I would like to thank all those who have engaged with us during this year. To all those who attended our Open Meeting, those who we regularly interact with on Twitter and who comment on our Facebook page and those who have contacted us with information or suggestions. I apologise that we have not always been able to use what we have been sent, we only can publish what we can corroborate, but it is always appreciated.
In addition to the establishment of the Free School, because of the high number of Academies in our town and the potential challenges that that brings in terms of accountability to the community, the situation in Brentwood is of interest to those who follow education matters nationally. That our opinions have been sought outside of the borough has been a genuine surprise, clearly it has also led us to consider the national picture in far greater detail than we ever envisaged and has allowed us to look at issues arising and see how they affect us locally.

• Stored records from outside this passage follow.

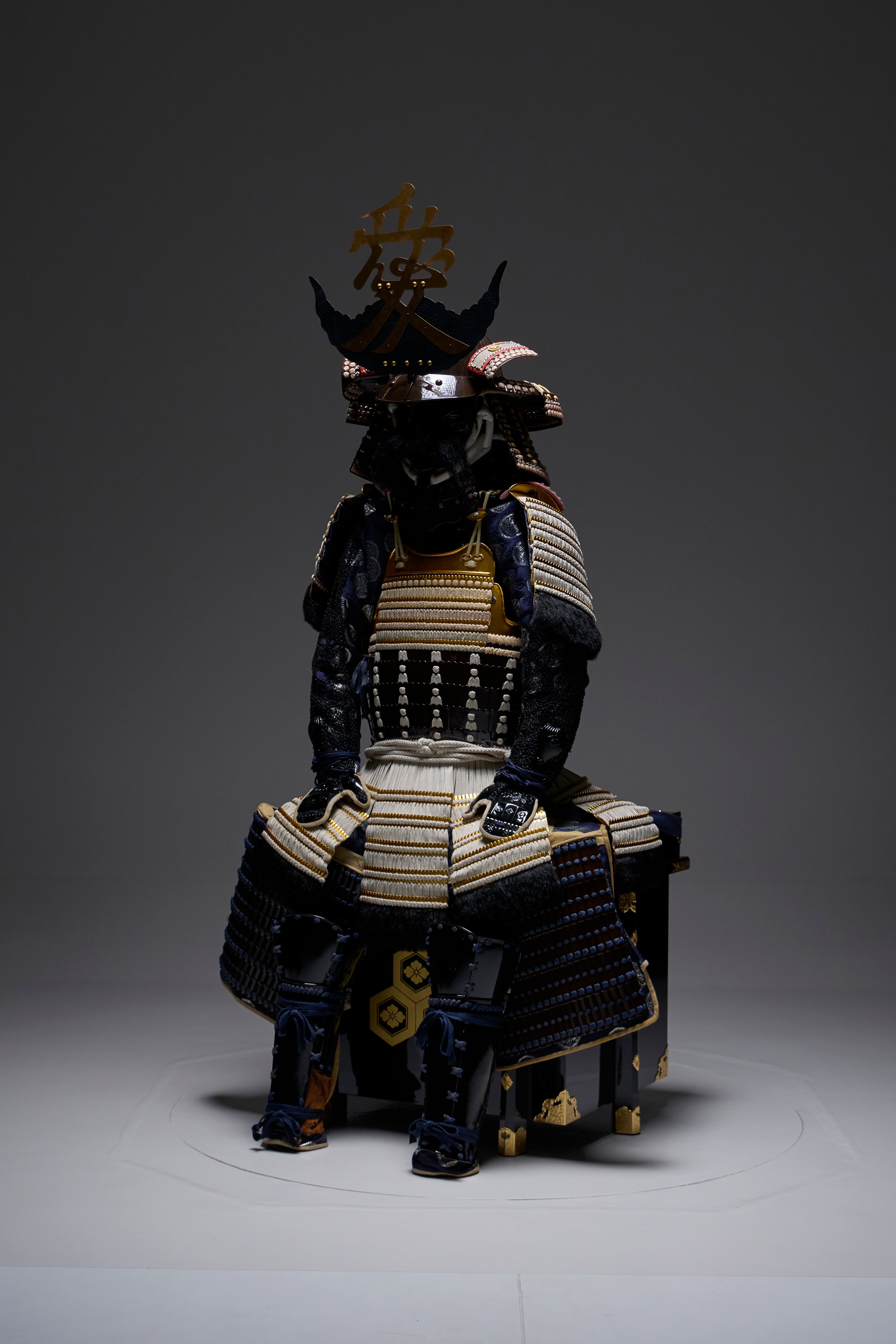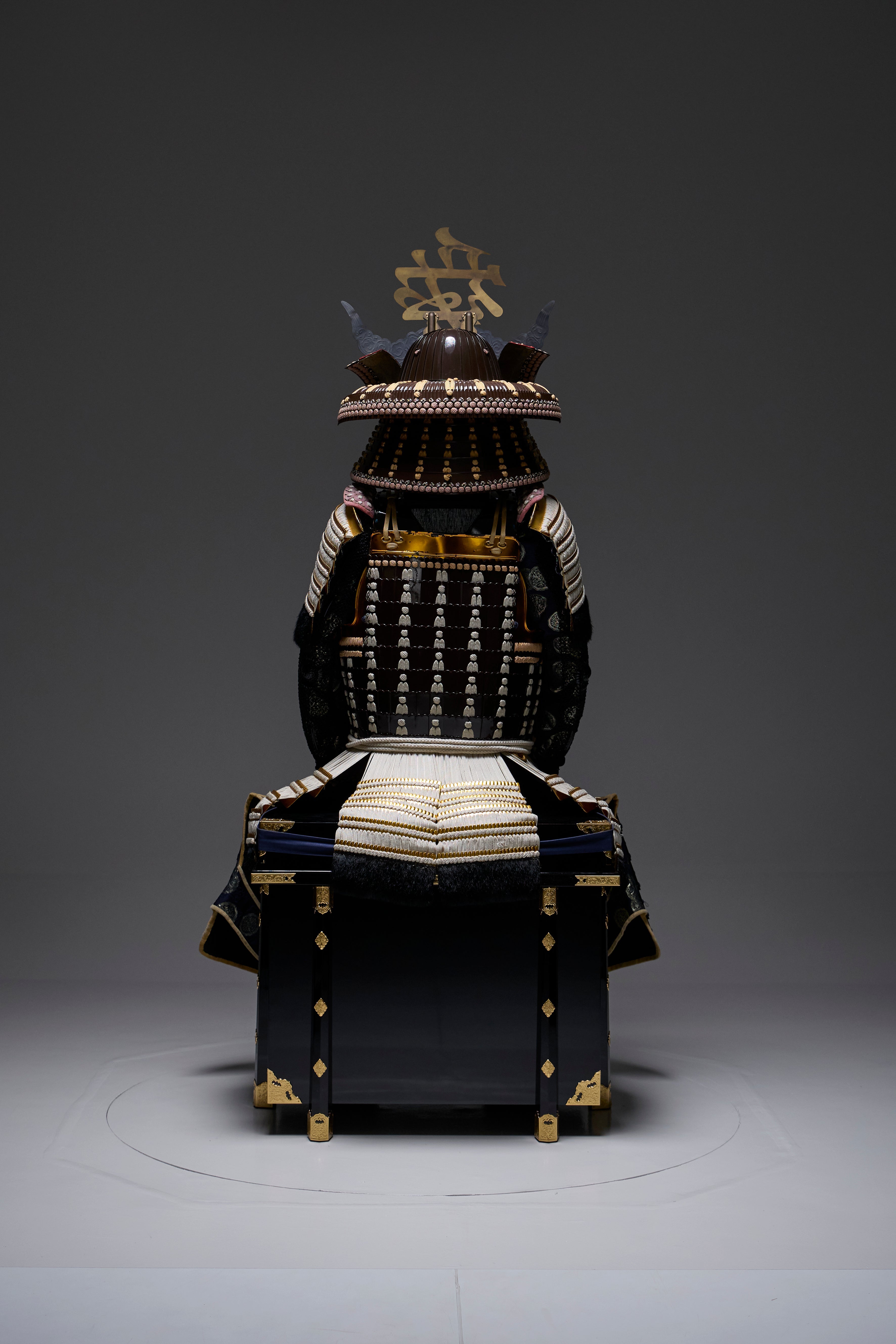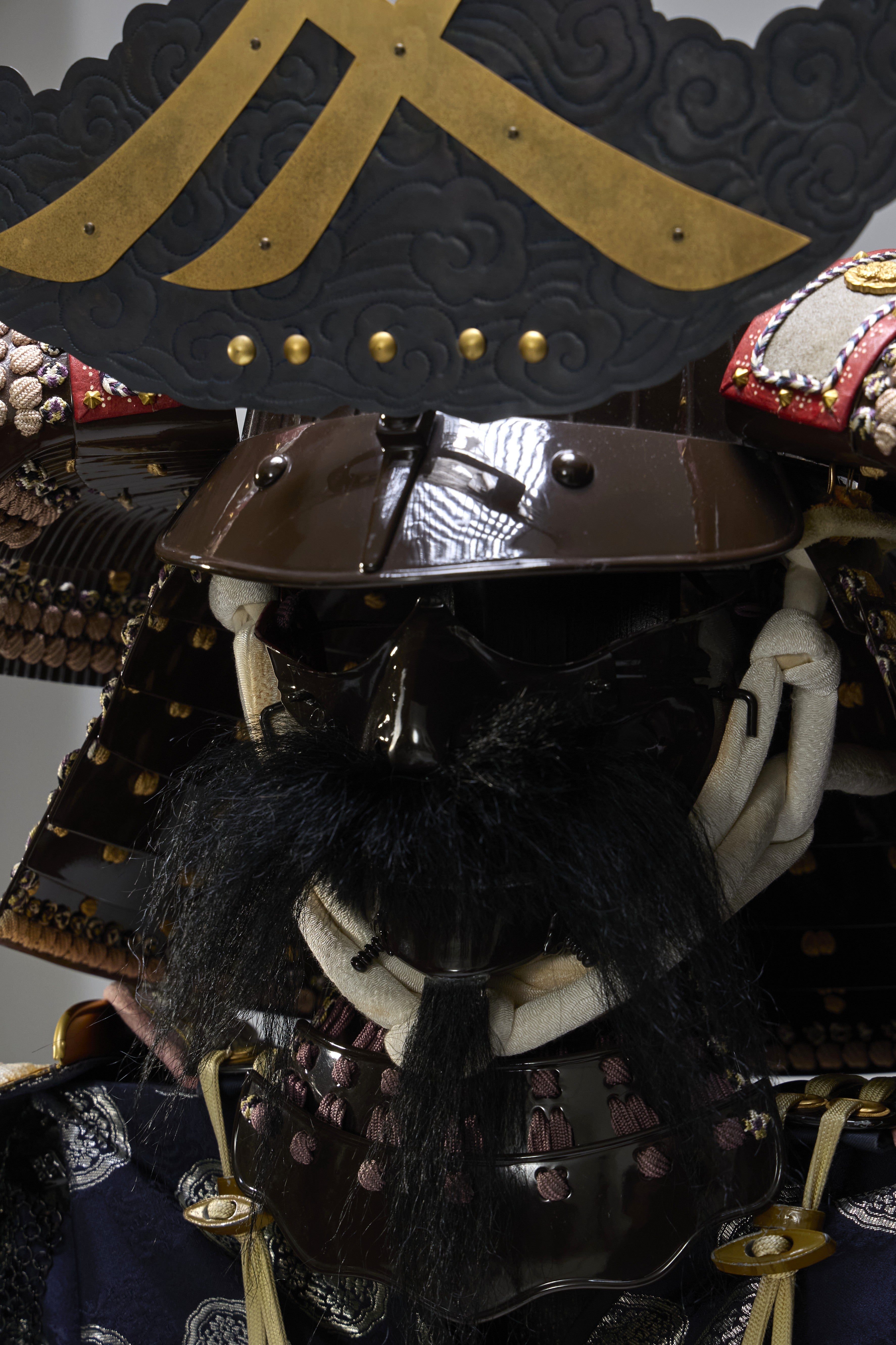 ●Specifications Helmet bowl: Brown-lacquered 62-ken striped helmet front plate, real gold leaf copper brass love letter front plate, brown-lacquered gold-brown thread-dyed two-tier umbrella front plate (upper tier modern three-tier, lower tier board five-tier)
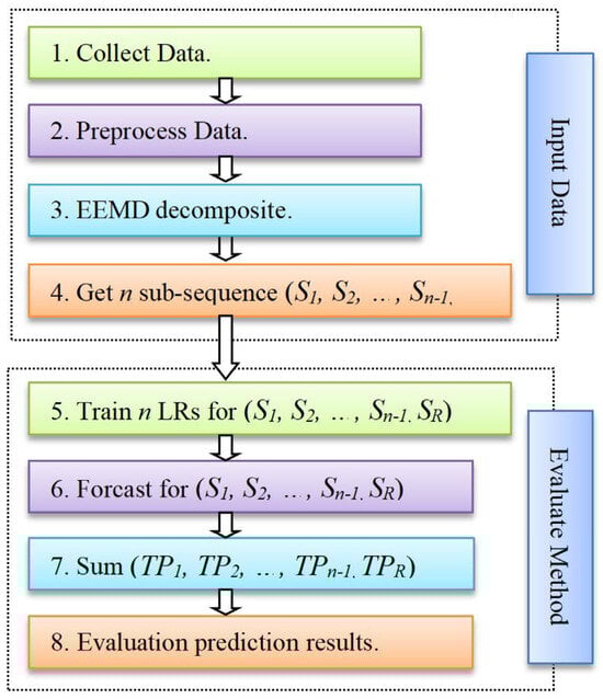 The EEMD-LR framework faces challenges in highly volatile scenarios (e.g., abrupt regime shifts or extreme events), where EEMD may suffer from residual mode mixing, that compromises its decomposition stability and LR components might inadequately capture transient nonlinear dynamics. For future work, we propose the following: (1) integrating adaptive noise-assisted EEMD variants (e.g., CEEMDAN) to enhance the model’s robustness in high-variability contexts; (2) replacing LR with attention-based deep learning modules (e.g., transformers) to model complex temporal dependencies; (3) developing an uncertainty quantification mechanism for probabilistic forecasts. To strengthen the model’s practical relevance, we will anchor discussions to concrete real-world applications: (a) short-term renewable energy forecasting (e.g., solar/wind generation under erratic weather) and addressing intermittency management for grid stability; (b) high-frequency financial volatility prediction (e.g., cryptocurrency markets) to support algorithmic trading risk control. Case studies from these domains will be prioritized in validation, with methodological advances being explicitly linked to tangible operational impacts.
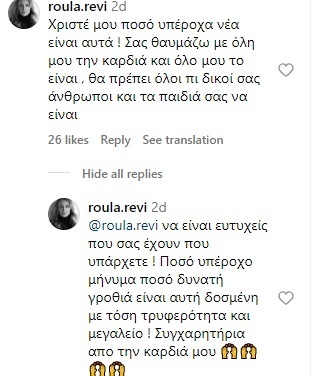 «Χριστέ μου ποσό υπέροχα νέα είναι αυτά! Σας θαυμάζω με όλη μου την καρδιά και όλο μου το είναι, θα πρέπει όλοι οι δικοί σας άνθρωποι και τα παιδιά σας να είναι ευτυχείς που σας έχουν που υπάρχετε! Ποσό υπέροχο μήνυμα, ποσό δυνατή γροθιά είναι αυτή δοσμένη με τόση τρυφερότητα και μεγαλείο! Συγχαρητήρια απο την καρδιά μου».

We await the judgement into the “GCSE Fiasco” with great interest for example.
Over this period there have been several new Head teachers in post in our established schools and it has been good to see, first hand in some cases, a new energy and commitment to meet the potential of all of the students in their care. I believe they deserve the time and our (not always uncritical) support to try to make a difference.
I have also been pleased to see what I have perceived as a welcome change in tone in local press coverage. It may be that schools are sharing more and have better stories to tell but whatever the reason it has been good to note that the small band of anonymous, barmy trolls have been restricted to making web comments rather than featuring in the paper. I should also thank the Brentwood Gazette for inviting me to write a monthly column since August, I hope that has also helped to provide a more positive perspective.
I appreciate the responses that we have had from ECC too, they have provided clarification where they can, in contrast to the Department for Education as our Freedom of Information experience shows.
Can I also publicly acknowledge those who cannot be publicly thanked. Your openness to discussion and insight has been invaluable. There has been an almost universal acceptance that as taxpayers, residents and parents, backed by the amount of interest our group has encountered, we have a mandate to ask questions of those providing state funded education.
We plan to carry on for as long as there is interest. On accountability as more of our schools change their status, on collaboration between schools and on school governors. We have not touched enough on our Primary Schools to date and we want to put that right. And we’re always open to suggestions. Do get in touch.
I look forward to another celebratory curry next year.